EXERCISE INPUT:
'''

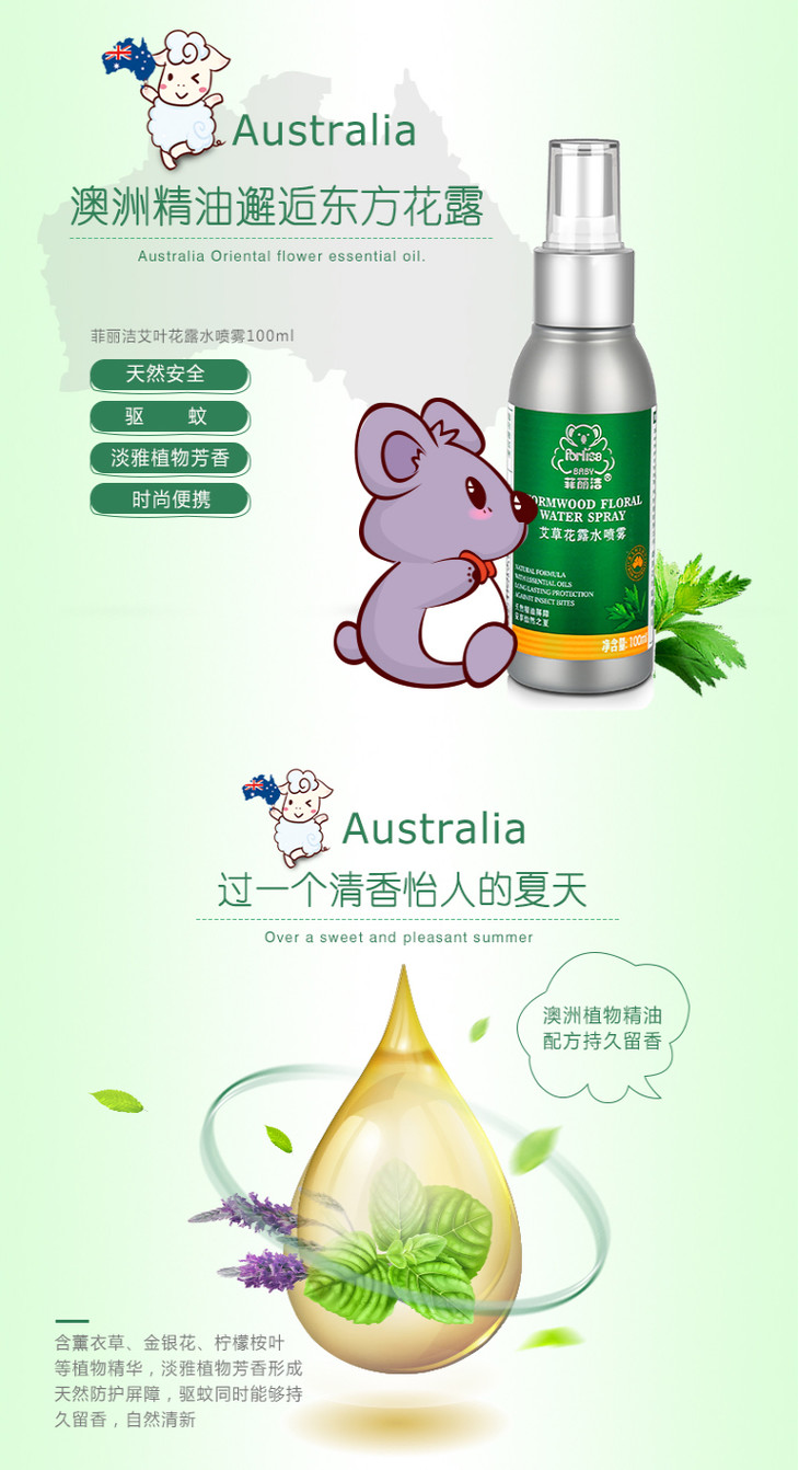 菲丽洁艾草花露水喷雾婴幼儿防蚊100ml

'''
'''

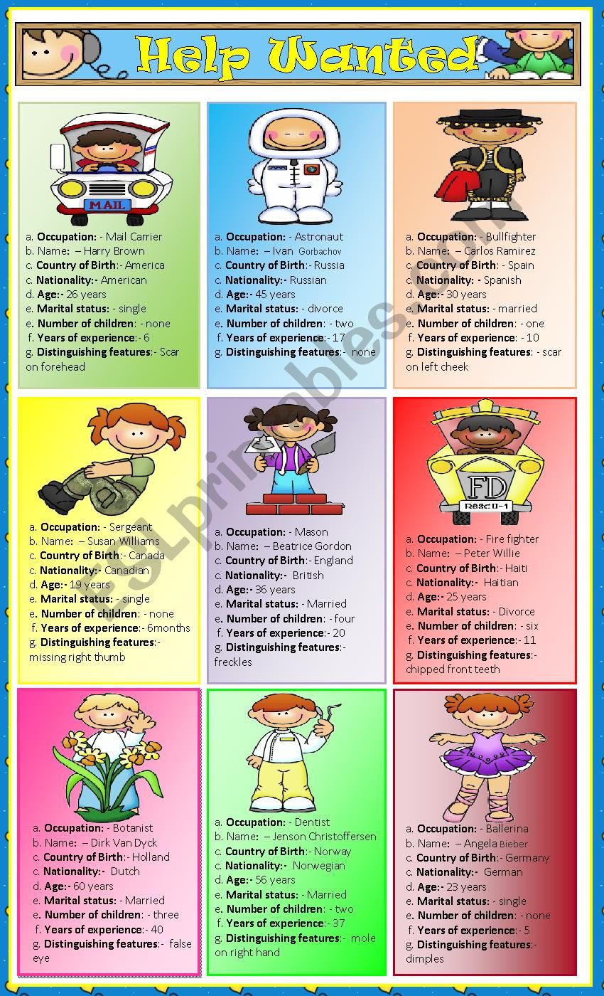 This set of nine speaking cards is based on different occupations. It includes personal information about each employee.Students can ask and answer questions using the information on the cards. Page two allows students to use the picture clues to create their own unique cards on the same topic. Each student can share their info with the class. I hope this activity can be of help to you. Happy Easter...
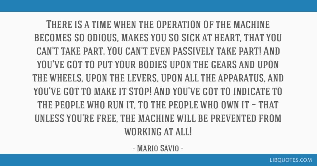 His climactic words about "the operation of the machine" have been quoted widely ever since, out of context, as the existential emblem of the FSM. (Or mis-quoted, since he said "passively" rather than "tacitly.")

'''

Above are some records; quote exactly and only the lines that begin at the line containing "This set of" and stop after the line containing "His climactic words", leaving out the pictures.

EXERCISE RESPONSE:
 This set of nine speaking cards is based on different occupations. It includes personal information about each employee.Students can ask and answer questions using the information on the cards. Page two allows students to use the picture clues to create their own unique cards on the same topic. Each student can share their info with the class. I hope this activity can be of help to you. Happy Easter...
 His climactic words about "the operation of the machine" have been quoted widely ever since, out of context, as the existential emblem of the FSM. (Or mis-quoted, since he said "passively" rather than "tacitly.")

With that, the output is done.